Not only did it prompt stormy financial weather, but the Conservative Party’s popularity plummeted as well. In one breathtaking survey by YouGov, the Conservatives lagged 33 points behind the opposition Labour Party, a gap not seen since the 1990s.

“Doing it in their shock-and-awe way forced the crystallization of the resistance,” said Jonathan Portes, professor of economics and public policy at King’s College London. He said one of the mistakes the government made was not to seek an independent assessment from the Office for Budget Responsibility (OBR), the financial watchdog.

“The flaw in that strategy is that people in financial markets aren’t idiots. So if you say to the OBR, ‘don’t give us a forecast, because you might show our numbers don’t add up,’ obviously the markets will conclude that their numbers don’t add up, making things considerably worse than even a bad forecast would have. That level of stupidity, frankly, is difficult to explain,” he said.

The government faced a growing backlash from within its own ranks as well, with several Conservative lawmakers coming out publicly to voice their opposition. “I can’t support the 45p tax removal when nurses are struggling to pay their bills,” tweeted Conservative lawmaker Maria Caulfield, who served as a minister of state for health in the previous government. Michael Gove, a senior Conservative, said that unfunded tax cuts are “not Conservative.”
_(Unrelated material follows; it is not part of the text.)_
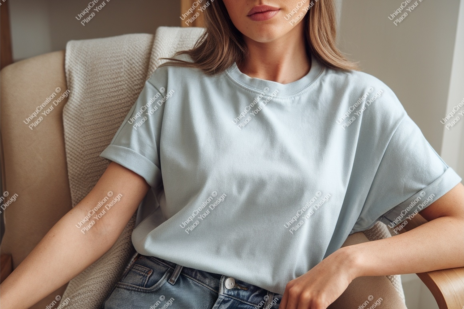 Fashion Style T-shirt Clothing Casual Woman Model Blue Portrait Indoor

The plans still have to be passed by Parliament, and some commentators have questioned whether they would have made it through.

Asked by the BBC if he was scrapping the plans because they would not get support in Parliament, Kwarteng said it wasn’t about “votes in the House of Commons,” it was about “listening to people, listening to constituents, who have expressed very strong views about this.”

In interviews, Kwarteng said he has not considered resigning, but analysts say he is not yet out of the woods, and his Monday afternoon speech to the Conservative Party faithful will be closely watched.

Truss will also address the party conference this week. In her first address to the conference as prime minister, on Wednesday morning, Truss will seek to calm those who have been furious at how her government has performed in its early days in office.

Rahman, the analyst, said there could be fresh revolts on the horizon over the plans to lift the cap on bankers’ bonuses and the very real possibility of steep spending cuts necessary to deal with the dramatic loss of revenue and promised help with energy bills.

Rahman said the chaos over the past 10 days will bolster the voices of those calling for a change to the rules for the Conservative Party leadership so that lawmakers, rather than the 160,000 grass-roots members, make the final decision on who becomes leader.

Truss became prime minister after receiving the support of Conservative Party members around the country, while a majority of lawmakers supported her rival, Rishi Sunak.